• _Work instructions_
Write out again the lines from the line with "Black and white" up to and including the line with "I think this", exactly as they stand below, and skip any picture.

• _Data records_
--- --- ---
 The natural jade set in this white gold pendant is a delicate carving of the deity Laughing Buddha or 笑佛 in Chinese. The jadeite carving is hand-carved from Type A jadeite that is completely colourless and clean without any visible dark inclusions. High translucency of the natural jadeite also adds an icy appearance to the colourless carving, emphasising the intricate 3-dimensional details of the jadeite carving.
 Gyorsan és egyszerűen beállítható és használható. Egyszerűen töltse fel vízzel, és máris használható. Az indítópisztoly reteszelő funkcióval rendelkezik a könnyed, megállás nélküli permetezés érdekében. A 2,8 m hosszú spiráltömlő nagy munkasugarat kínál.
--- --- ---
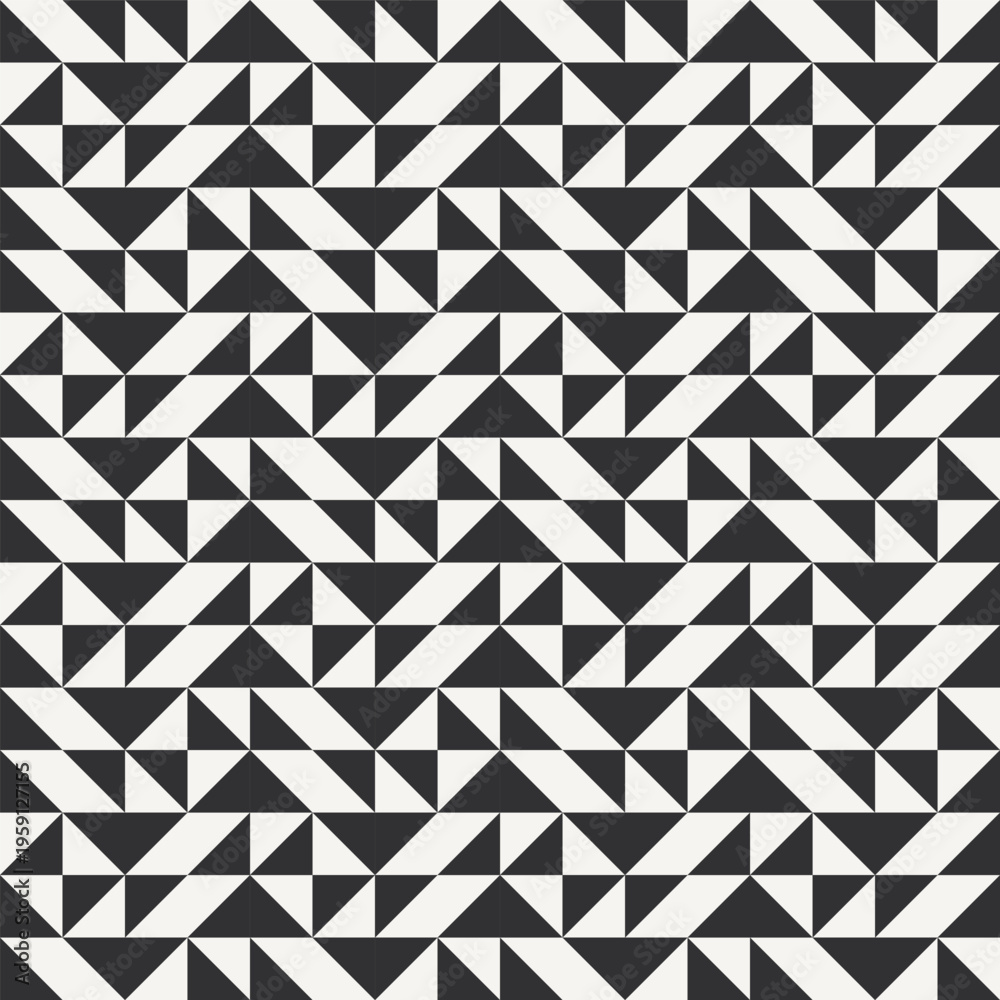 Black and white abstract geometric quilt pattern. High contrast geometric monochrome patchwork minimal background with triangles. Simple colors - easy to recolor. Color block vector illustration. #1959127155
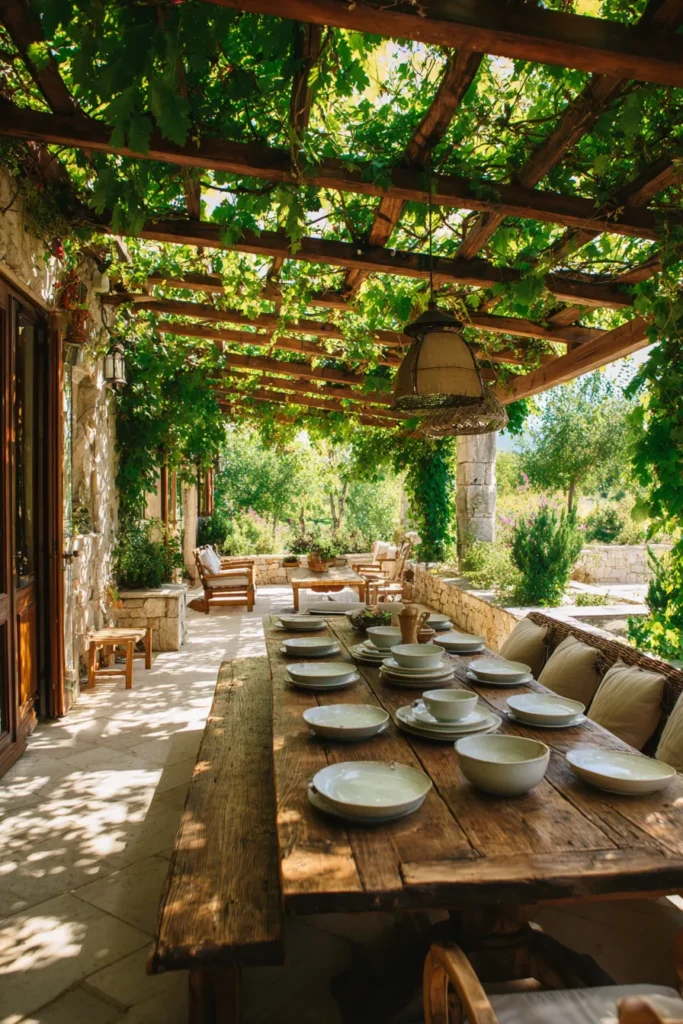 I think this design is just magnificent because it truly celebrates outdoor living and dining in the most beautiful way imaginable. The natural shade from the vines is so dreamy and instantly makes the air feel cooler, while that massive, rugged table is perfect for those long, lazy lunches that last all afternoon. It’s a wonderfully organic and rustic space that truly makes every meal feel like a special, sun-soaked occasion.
--- --- ---
• _Result of this exercise_
 Black and white abstract geometric quilt pattern. High contrast geometric monochrome patchwork minimal background with triangles. Simple colors - easy to recolor. Color block vector illustration. #1959127155
 I think this design is just magnificent because it truly celebrates outdoor living and dining in the most beautiful way imaginable. The natural shade from the vines is so dreamy and instantly makes the air feel cooler, while that massive, rugged table is perfect for those long, lazy lunches that last all afternoon. It’s a wonderfully organic and rustic space that truly makes every meal feel like a special, sun-soaked occasion.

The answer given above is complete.